* Task description
Each record below is to be copied exactly; the pictures are to be omitted.

* Records from a collection
-- Opening Marker --
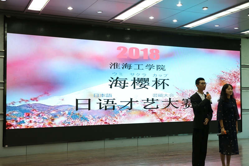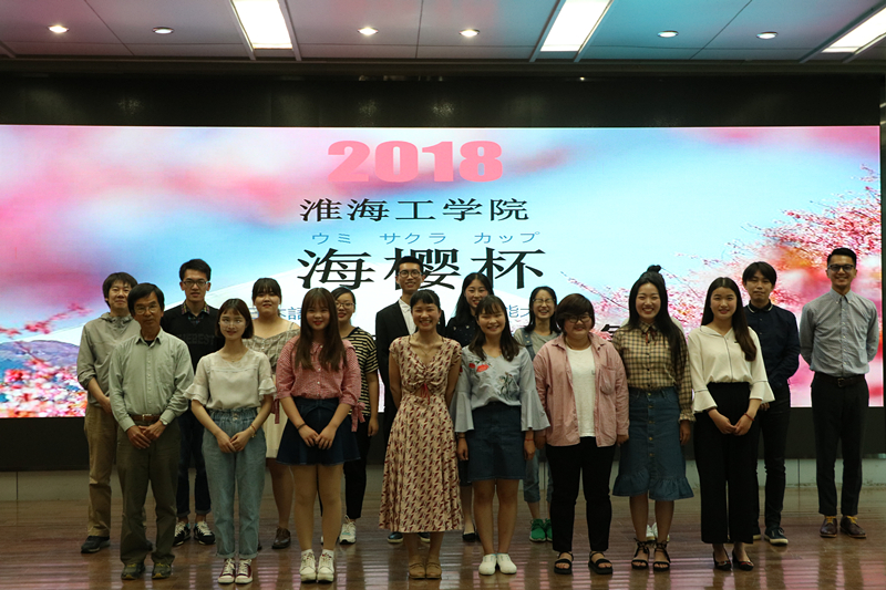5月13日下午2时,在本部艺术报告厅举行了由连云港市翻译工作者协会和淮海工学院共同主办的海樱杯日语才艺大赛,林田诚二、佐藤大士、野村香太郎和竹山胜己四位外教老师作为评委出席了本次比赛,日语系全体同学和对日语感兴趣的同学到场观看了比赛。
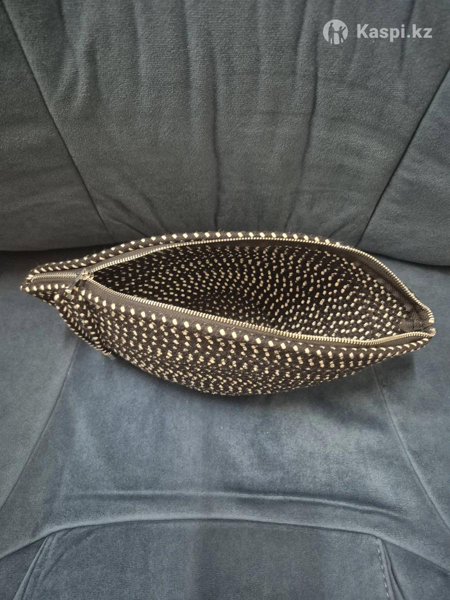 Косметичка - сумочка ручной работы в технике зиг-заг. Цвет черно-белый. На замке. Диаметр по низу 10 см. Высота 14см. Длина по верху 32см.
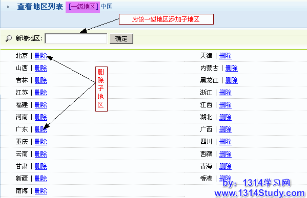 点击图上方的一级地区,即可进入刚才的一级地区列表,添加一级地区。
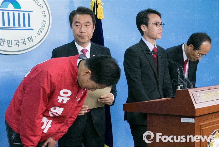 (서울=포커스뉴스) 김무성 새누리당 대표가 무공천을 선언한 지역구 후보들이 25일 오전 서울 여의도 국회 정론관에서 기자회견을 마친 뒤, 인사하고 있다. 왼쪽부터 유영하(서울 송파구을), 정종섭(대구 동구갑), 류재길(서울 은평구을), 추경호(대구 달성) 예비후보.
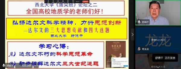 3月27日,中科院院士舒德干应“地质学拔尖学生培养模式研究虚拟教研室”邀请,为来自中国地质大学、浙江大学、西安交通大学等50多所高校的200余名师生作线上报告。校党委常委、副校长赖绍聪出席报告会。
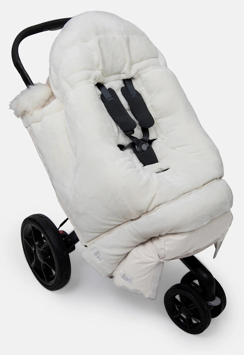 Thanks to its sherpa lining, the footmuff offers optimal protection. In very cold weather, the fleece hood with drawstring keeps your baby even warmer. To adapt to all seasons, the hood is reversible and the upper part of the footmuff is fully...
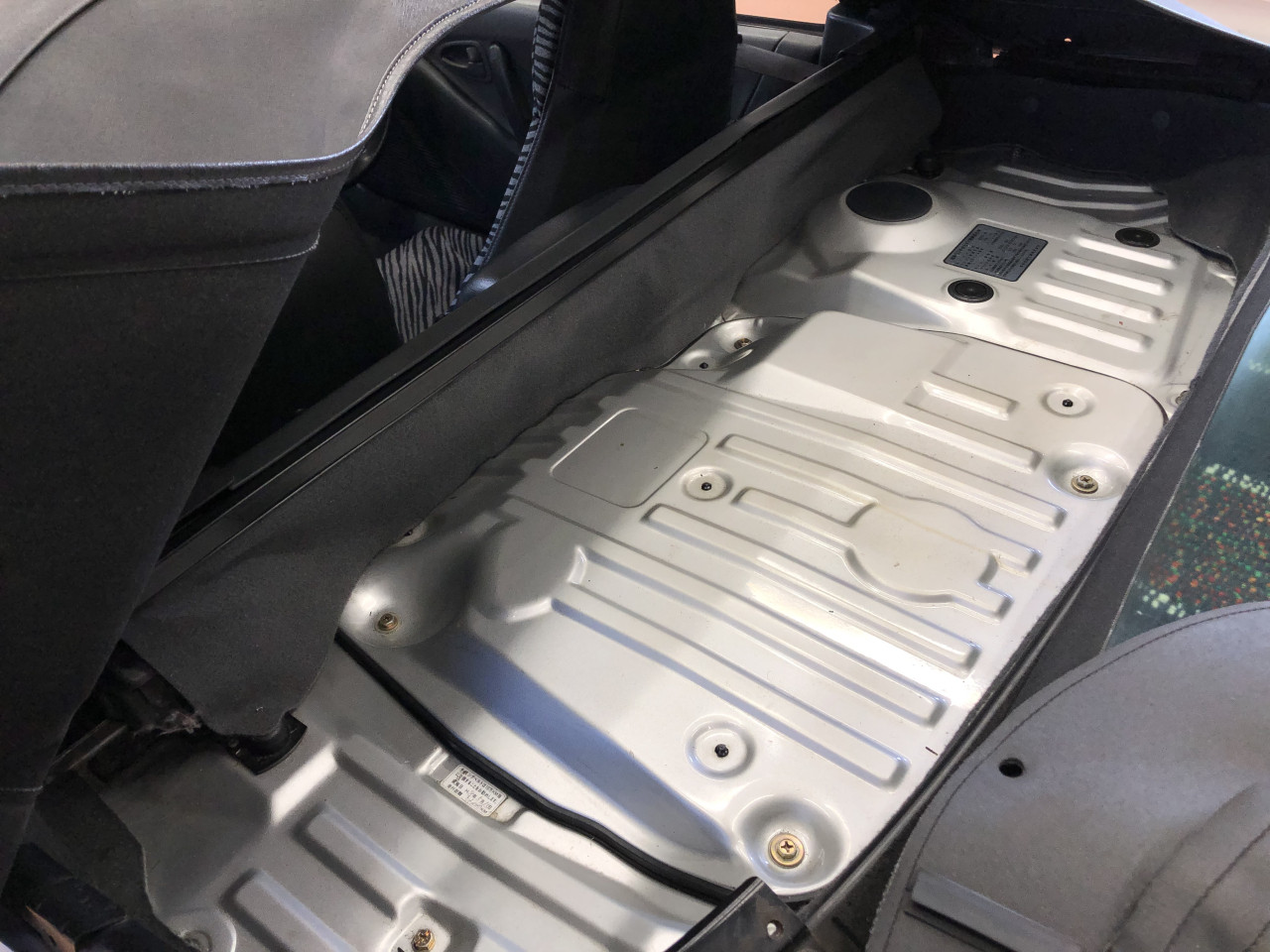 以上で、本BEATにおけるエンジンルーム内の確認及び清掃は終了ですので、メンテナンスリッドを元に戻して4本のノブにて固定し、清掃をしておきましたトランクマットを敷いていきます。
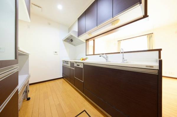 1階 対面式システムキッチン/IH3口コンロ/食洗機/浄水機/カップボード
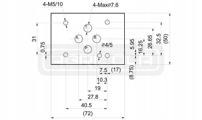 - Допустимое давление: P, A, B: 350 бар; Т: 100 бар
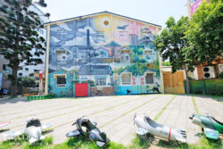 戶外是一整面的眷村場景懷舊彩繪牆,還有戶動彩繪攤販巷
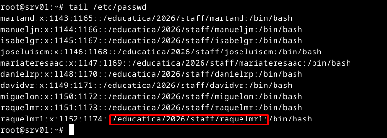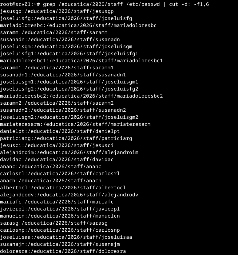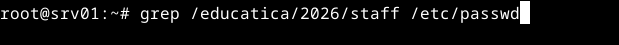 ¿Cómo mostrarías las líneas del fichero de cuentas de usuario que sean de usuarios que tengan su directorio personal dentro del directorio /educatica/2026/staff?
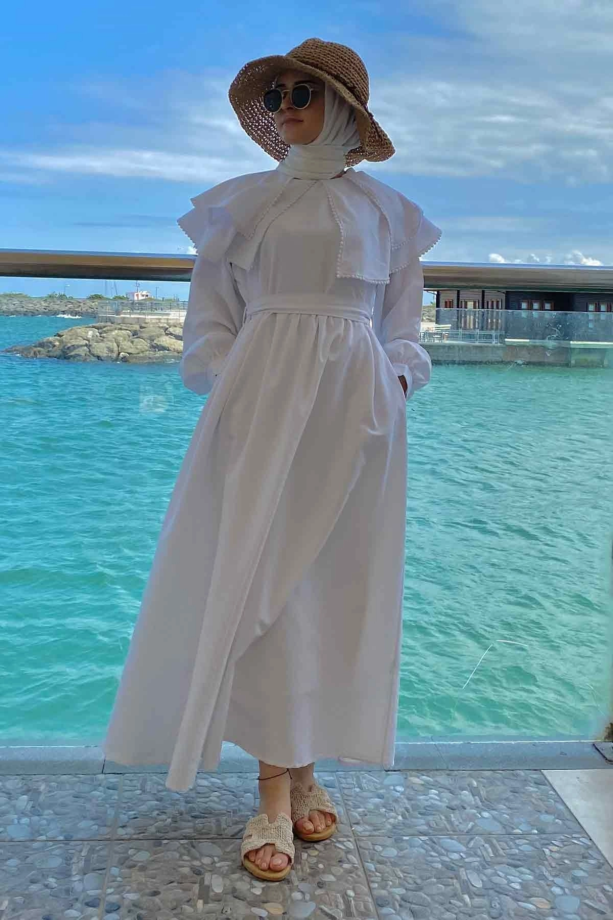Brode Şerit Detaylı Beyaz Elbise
-- Closing Marker --
* Result of this exercise
5月13日下午2时,在本部艺术报告厅举行了由连云港市翻译工作者协会和淮海工学院共同主办的海樱杯日语才艺大赛,林田诚二、佐藤大士、野村香太郎和竹山胜己四位外教老师作为评委出席了本次比赛,日语系全体同学和对日语感兴趣的同学到场观看了比赛。
 Косметичка - сумочка ручной работы в технике зиг-заг. Цвет черно-белый. На замке. Диаметр по низу 10 см. Высота 14см. Длина по верху 32см.
 点击图上方的一级地区,即可进入刚才的一级地区列表,添加一级地区。
 (서울=포커스뉴스) 김무성 새누리당 대표가 무공천을 선언한 지역구 후보들이 25일 오전 서울 여의도 국회 정론관에서 기자회견을 마친 뒤, 인사하고 있다. 왼쪽부터 유영하(서울 송파구을), 정종섭(대구 동구갑), 류재길(서울 은평구을), 추경호(대구 달성) 예비후보.
 3月27日,中科院院士舒德干应“地质学拔尖学生培养模式研究虚拟教研室”邀请,为来自中国地质大学、浙江大学、西安交通大学等50多所高校的200余名师生作线上报告。校党委常委、副校长赖绍聪出席报告会。
 Thanks to its sherpa lining, the footmuff offers optimal protection. In very cold weather, the fleece hood with drawstring keeps your baby even warmer. To adapt to all seasons, the hood is reversible and the upper part of the footmuff is fully...
 以上で、本BEATにおけるエンジンルーム内の確認及び清掃は終了ですので、メンテナンスリッドを元に戻して4本のノブにて固定し、清掃をしておきましたトランクマットを敷いていきます。
 1階 対面式システムキッチン/IH3口コンロ/食洗機/浄水機/カップボード
 - Допустимое давление: P, A, B: 350 бар; Т: 100 бар
 戶外是一整面的眷村場景懷舊彩繪牆,還有戶動彩繪攤販巷
 ¿Cómo mostrarías las líneas del fichero de cuentas de usuario que sean de usuarios que tengan su directorio personal dentro del directorio /educatica/2026/staff?
Brode Şerit Detaylı Beyaz Elbise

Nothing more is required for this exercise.